Dr Patxi Perez Ramallo
Main Focus
His main line of research focuses on the study of medieval individuals to understand migratory dynamics, social status — with special attention to social and religious minorities — urban formation and development, and, in particular, religious pilgrimage movements. His primary project is dedicated to exploring the origins and development of the Camino de Santiago (Way of St. James) during the Middle Ages, with special attention to the pilgrims themselves and the impact of this phenomenon on various towns across the north of the Iberian Peninsula and beyond the Pyrenees. This research integrates a multidisciplinary approach, combining archaeology, osteology, stable isotope analysis, radiocarbon dating, and ancient DNA (aDNA) analysis to reconstruct individual life stories and broader patterns of movement, mobility, and social interaction in the medieval world.
Curriculum Vitae
Patxi Pérez Ramallo (29/06/1988; Santiago de Compostela, Spain), International PhD in the Forensic Analysis Program at the University of the Basque Country (UPV/EHU) (2021) -with research stays at the Max Planck of Geoanthropology and the University of Oxford; MSc in Archaeological Sciences at the University of Bradford (Bradford, UK) (2014-2015); and BA in History with a triple major in Archaeology, Middle Ages and Prehistory from the University of Santiago de Compostela (USC) (2007-2012).
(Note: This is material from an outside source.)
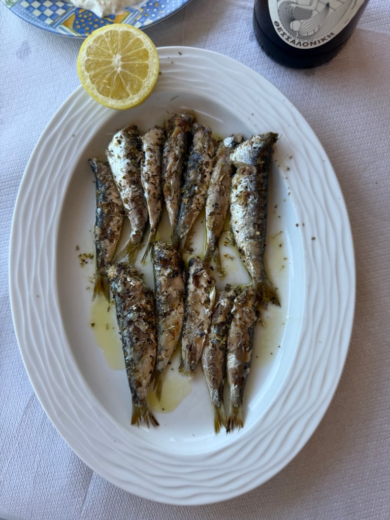 📍Κούτσικος Εστιατόριο (Koutsikos Restaurant) is a road-side restaurant on the way into Loutra. They serve grilled meat and Greek classics. We went for the almyra (monk’s beard in English), lamb chops, zucchini fritters, chickpeas and fried feta in honey. Everything was good expect the fried feta which had slightly too thick a pastry which had gone a little spongey. I really wanted the slow-cooked goat in tomato sauce or lemon sauce but they had run-out (maybe this is more of a lunch spot.

He is currently a postdoctoral researcher at the Department of Archaeology and Cultural History, University Museum, Norwegian University of Science and Technology (February 2024-March 2025), and an associated researcher at the Max Planck Institute of Geoanthropology (Jena, Germany). During his doctoral thesis, Pérez Ramallo focused his research on the origin and evolution of the Camino de Santiago (the St James Way) in the Middle Ages via osteological, stable isotope, and aDNA analysis -this last in collaboration with the Stockholm University. Ramallo created and coordinated this project, which acquired an interdisciplinary and international character through collaboration with prestigious research centers and universities. The relevance of his research has been endorsed by the awarding of several national and international grants and awards. During his first postdoctoral research position at the Max Planck of Geoanthropology, his new line of research focuses on the study of social minorities in the Peninsular Middle Ages. This project led to the candidate being awarded the Margarita Salas- EU Next Generation Postdoctoral Fellowship (2022-2024). Pérez Ramallo has collaborated on projects with different chronologies and archaeological contexts (from Prehistory to the Spanish Civil War) in Spain, México, Argentina, Armenia, and Sweden. He is also a Review Editor on the Editorial Board of Human Bioarchaeology and Paleopathology, specialty section of Frontiers in Environmental Archaeology.